Efficient cooling projects receive $82.6m funding
USA: A supermarket refrigerated display cabinet, a vibrational defrosting system and isothermal compressor are amongst 44 new energy efficient projects awarded a total of $82.6m in US government funding.
The funding from the US Department of Energy (DOE) is designed to drive innovations to help meet President Biden’s goal of net-zero carbon emissions by 2050.
The 44 projects selected are projected to improve building energy efficiency through innovations in thermal energy storage, building envelopes, lighting, heating, ventilation, air conditioning, refrigeration, and water heating.
The projects include:
• A project by Emerson Commercial and Residential Solutions to design, manufacture and validate a highly efficient supermarket refrigerated display case that can also integrate with HVAC systems to serve as a flexible grid resource;
• The development by the University of Maryland of an adhesive-based hybrid manufacturing method for next-generation air-to-refrigerant heat exchangers that would be 50% cheaper and use 36% less energy in manufacturing.
• The University has also received funding to develop an isothermal compressor that can reduce the energy consumption of refrigerators by an average of 40%.
• Wilmington, Delaware-based Baryon Inc will develop a novel air-conditioning system based on a new method of evaporative cooling combined with dehumidification through a new type of ionic membrane.

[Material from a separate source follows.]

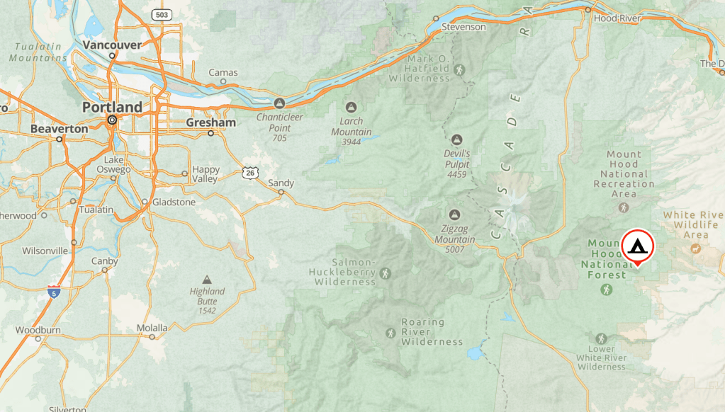 Gas Station: Wamic Market (if coming from the east) – 57016 Wamic Market Rd, Tygh Valley, OR 97063 or Chevron (if coming from the west) – 93770 US-26, Government Camp, OR 97028
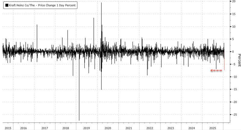As a result of the 8K filing, Kraft Heinz shares were down 7.5% in premarket trading on Wednesday. If losses extend and hold through the cash session, this would mark the largest daily decline since May 18, 2022, of -9.5%.

The proposed system will be capable of consuming 50% to 85% less energy than traditional air conditioning systems, it is claimed, generating water for its own operation, and remaining highly effective in humid climates;
• The Palo Alto Research Center will engineer, construct, and demonstrate a packaged 5-ton HVAC system using a liquid desiccant that returns to a liquid phase at ambient temperature, and is capable of shifting load to reduce grid demand;
• Ultrasonic Technology Solutions of Knoxville, Tennessee, is looking to develop a vibrational defrosting system to remove ice from the evaporator in a refrigerator;
• A thermoelectric heat pump that can combine with a direct expansion air-to-air heat pump is proposed by the Electric Power Research Institute of Palo Alto, California. The proposed system would offer improved efficiency and heating capacity in cold outdoor temperatures at low cost.

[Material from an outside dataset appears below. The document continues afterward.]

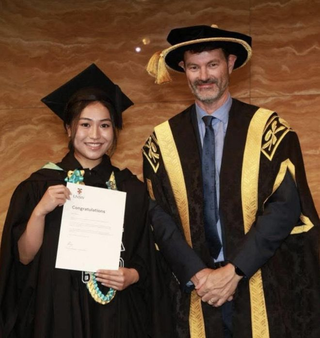 照片里的曾凯栭穿着标准毕业袍,戴着四方帽,手里捧着黎瑞恩特意送的鲜花,满脸都是挡不住的青春笑容。皮肤满满的胶原蛋白,整个人亭亭玉立,笑起来灿烂得像澳洲晴天的太阳,说不出的元气活力。黎瑞恩今年已经五十三岁,状态却好得没话说,站在女儿身边,完全看不出真实年纪,气质大方又温柔。谁能想到,这个看起来从容优雅的女人,在典礼现场哭了整整一整场。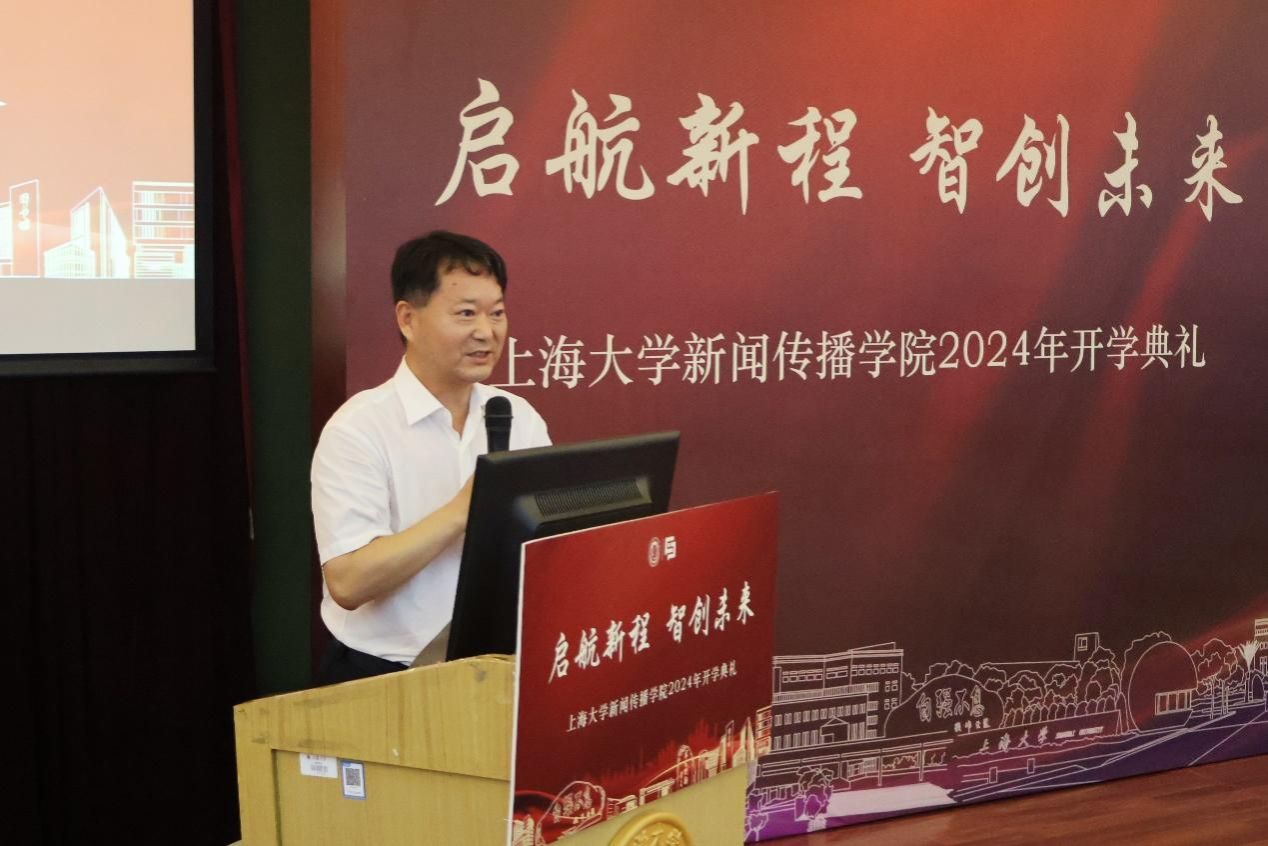 出席此次开学典礼的有新闻传播学院党委书记王晴川,学院党委副书记、院长严三九,beat365唯一官网学生工作办公室副主任、本科生书院管理中心副主任马成瑶,上海研究院世界传媒研究中心执行主任吴信训教授,学院党委副书记、副院长王智君,副院长赵为学,副院长牛盼强,副院长周宇豪,广告学系书记孟令光,以及专业教师代表、班主任、辅导员、行政老师等,一起见证了新生入学这一重要时刻。本次开学典礼由2024级新闻传播学专业博士研究生金义文与2023级广播电视学专业本科生乃尔克再•阿布来提主持。

“Americans spend about $100bn every year on wasted energy from buildings, heating and cooling units, and more – increasing energy bills and needless emissions that dirty our air and worsen the climate crisis,” said US secretary of energy Jennifer M Granholm. “By pursuing advancements that make both existing and newly constructed buildings more energy efficient, we can save consumers money and reduce the climate impacts of the places we live and work.”